All of the listing, from first line to last, should be output exactly; the pictures stay out.

TASK INPUTS
┄┄┄┄┄┄┄┄┄┄

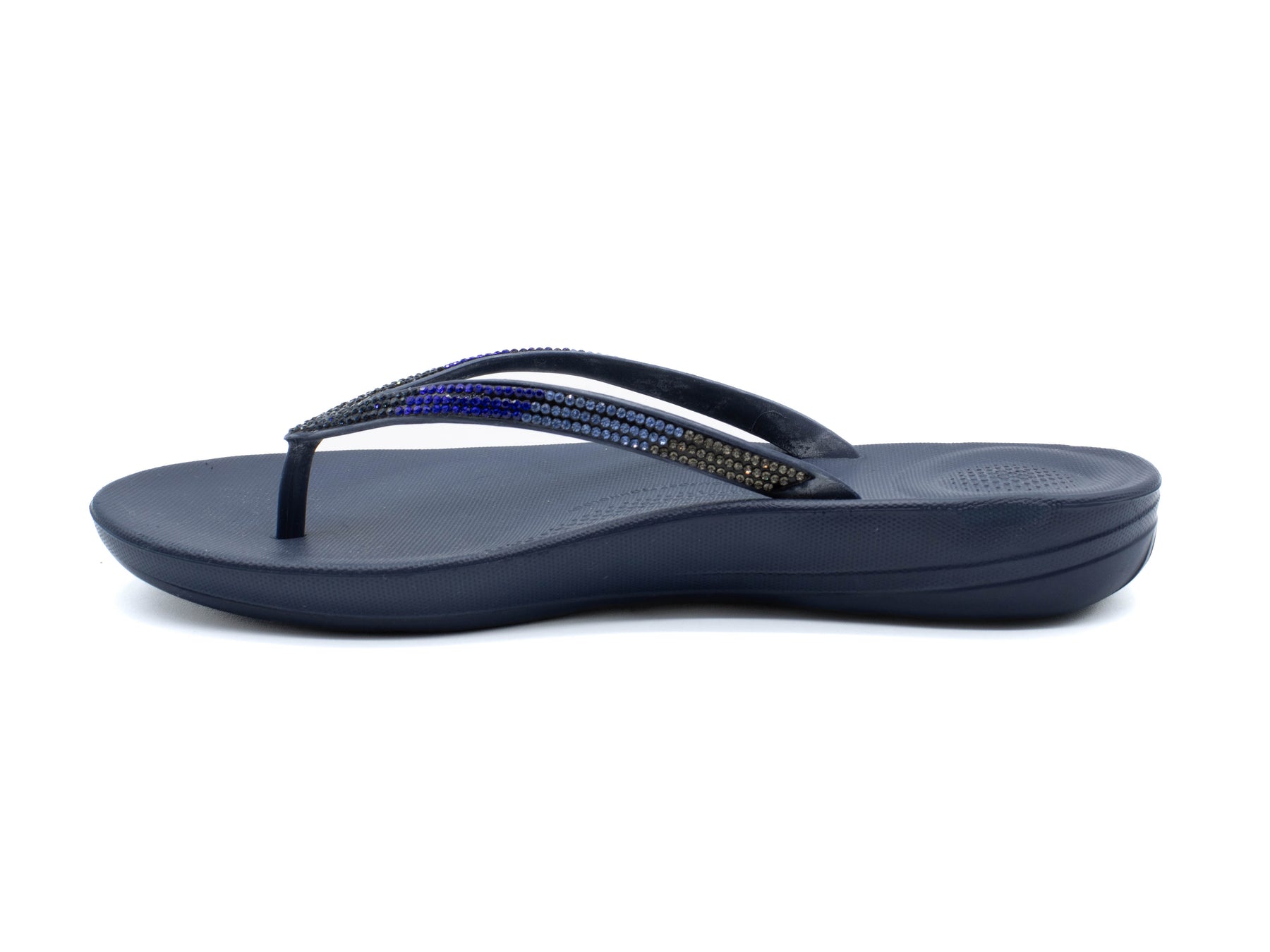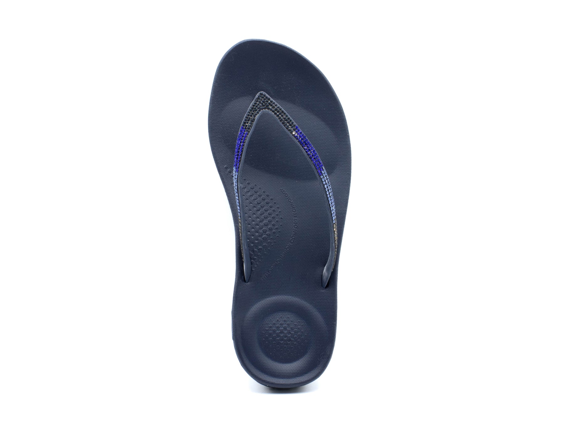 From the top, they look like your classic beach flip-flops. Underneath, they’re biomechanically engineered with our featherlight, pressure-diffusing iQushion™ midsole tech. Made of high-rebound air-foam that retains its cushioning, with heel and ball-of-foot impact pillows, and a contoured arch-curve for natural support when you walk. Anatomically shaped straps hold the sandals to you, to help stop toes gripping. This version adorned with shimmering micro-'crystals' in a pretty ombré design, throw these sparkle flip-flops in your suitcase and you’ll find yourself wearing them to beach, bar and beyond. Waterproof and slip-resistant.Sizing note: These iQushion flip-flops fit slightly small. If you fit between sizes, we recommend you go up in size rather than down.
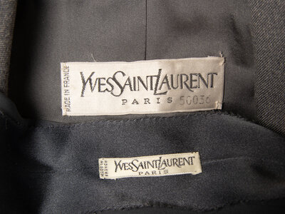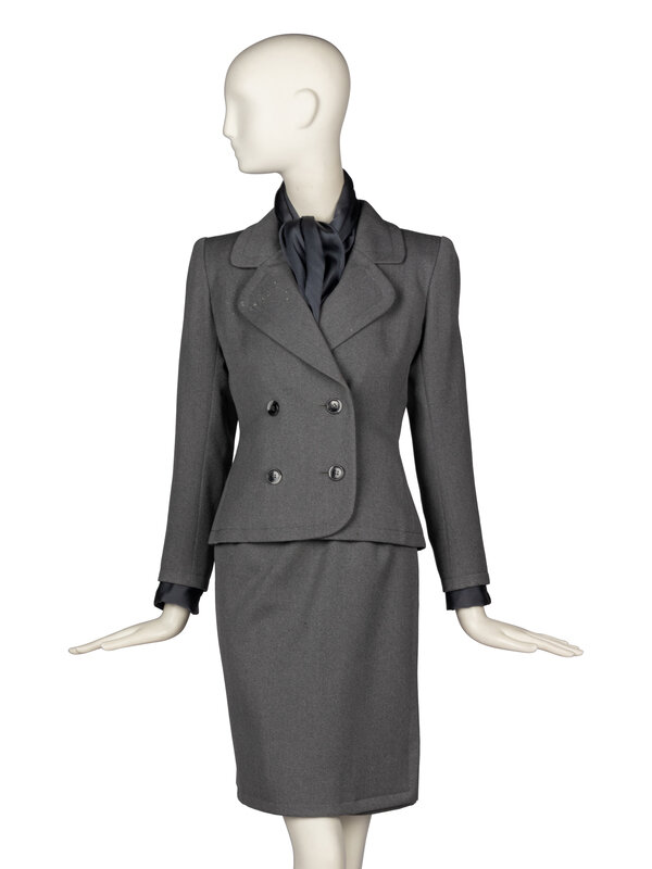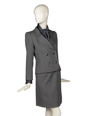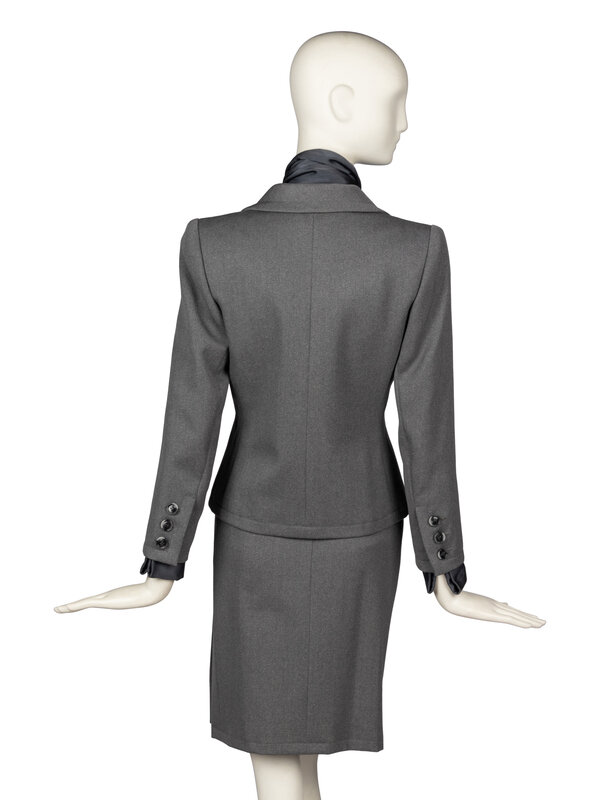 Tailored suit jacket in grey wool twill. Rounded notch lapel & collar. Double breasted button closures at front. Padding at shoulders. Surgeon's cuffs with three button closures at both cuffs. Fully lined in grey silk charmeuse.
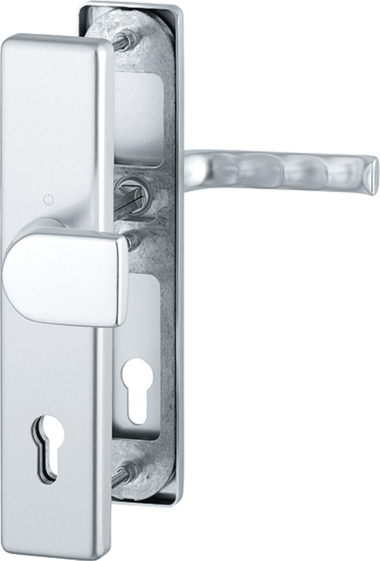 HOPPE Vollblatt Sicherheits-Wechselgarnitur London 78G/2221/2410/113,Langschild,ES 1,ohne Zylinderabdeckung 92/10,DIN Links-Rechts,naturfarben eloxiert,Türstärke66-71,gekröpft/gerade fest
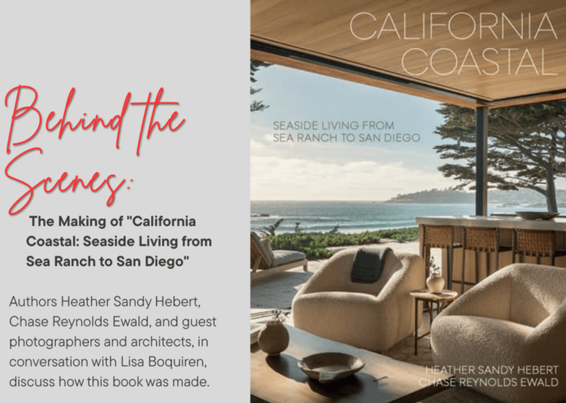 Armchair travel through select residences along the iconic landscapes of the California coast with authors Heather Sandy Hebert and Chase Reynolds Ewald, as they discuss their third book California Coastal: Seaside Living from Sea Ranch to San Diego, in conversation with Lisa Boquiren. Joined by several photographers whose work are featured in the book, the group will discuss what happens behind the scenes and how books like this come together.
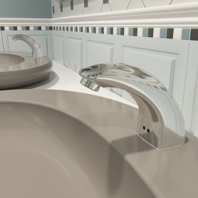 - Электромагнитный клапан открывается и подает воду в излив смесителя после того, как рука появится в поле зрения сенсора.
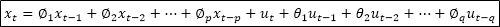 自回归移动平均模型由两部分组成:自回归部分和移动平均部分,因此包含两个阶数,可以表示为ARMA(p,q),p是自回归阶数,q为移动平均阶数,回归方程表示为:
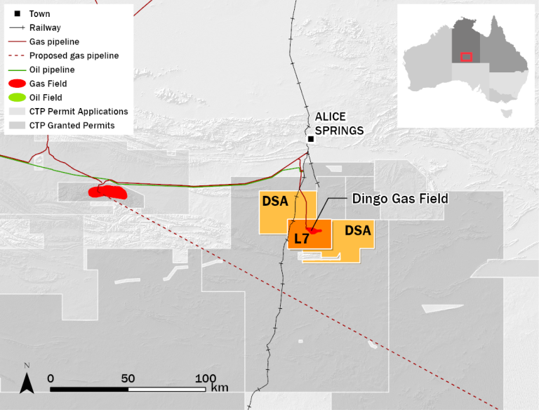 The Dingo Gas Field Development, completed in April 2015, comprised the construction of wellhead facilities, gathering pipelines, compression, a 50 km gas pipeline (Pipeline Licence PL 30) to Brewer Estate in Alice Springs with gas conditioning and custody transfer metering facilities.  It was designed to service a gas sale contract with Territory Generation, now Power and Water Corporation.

┄┄┄┄┄┄┄┄┄┄

TASK OUTPUT
 From the top, they look like your classic beach flip-flops. Underneath, they’re biomechanically engineered with our featherlight, pressure-diffusing iQushion™ midsole tech. Made of high-rebound air-foam that retains its cushioning, with heel and ball-of-foot impact pillows, and a contoured arch-curve for natural support when you walk. Anatomically shaped straps hold the sandals to you, to help stop toes gripping. This version adorned with shimmering micro-'crystals' in a pretty ombré design, throw these sparkle flip-flops in your suitcase and you’ll find yourself wearing them to beach, bar and beyond. Waterproof and slip-resistant.Sizing note: These iQushion flip-flops fit slightly small. If you fit between sizes, we recommend you go up in size rather than down.
 Tailored suit jacket in grey wool twill. Rounded notch lapel & collar. Double breasted button closures at front. Padding at shoulders. Surgeon's cuffs with three button closures at both cuffs. Fully lined in grey silk charmeuse.
 HOPPE Vollblatt Sicherheits-Wechselgarnitur London 78G/2221/2410/113,Langschild,ES 1,ohne Zylinderabdeckung 92/10,DIN Links-Rechts,naturfarben eloxiert,Türstärke66-71,gekröpft/gerade fest
 Armchair travel through select residences along the iconic landscapes of the California coast with authors Heather Sandy Hebert and Chase Reynolds Ewald, as they discuss their third book California Coastal: Seaside Living from Sea Ranch to San Diego, in conversation with Lisa Boquiren. Joined by several photographers whose work are featured in the book, the group will discuss what happens behind the scenes and how books like this come together.
 - Электромагнитный клапан открывается и подает воду в излив смесителя после того, как рука появится в поле зрения сенсора.
 自回归移动平均模型由两部分组成:自回归部分和移动平均部分,因此包含两个阶数,可以表示为ARMA(p,q),p是自回归阶数,q为移动平均阶数,回归方程表示为:
 The Dingo Gas Field Development, completed in April 2015, comprised the construction of wellhead facilities, gathering pipelines, compression, a 50 km gas pipeline (Pipeline Licence PL 30) to Brewer Estate in Alice Springs with gas conditioning and custody transfer metering facilities.  It was designed to service a gas sale contract with Territory Generation, now Power and Water Corporation.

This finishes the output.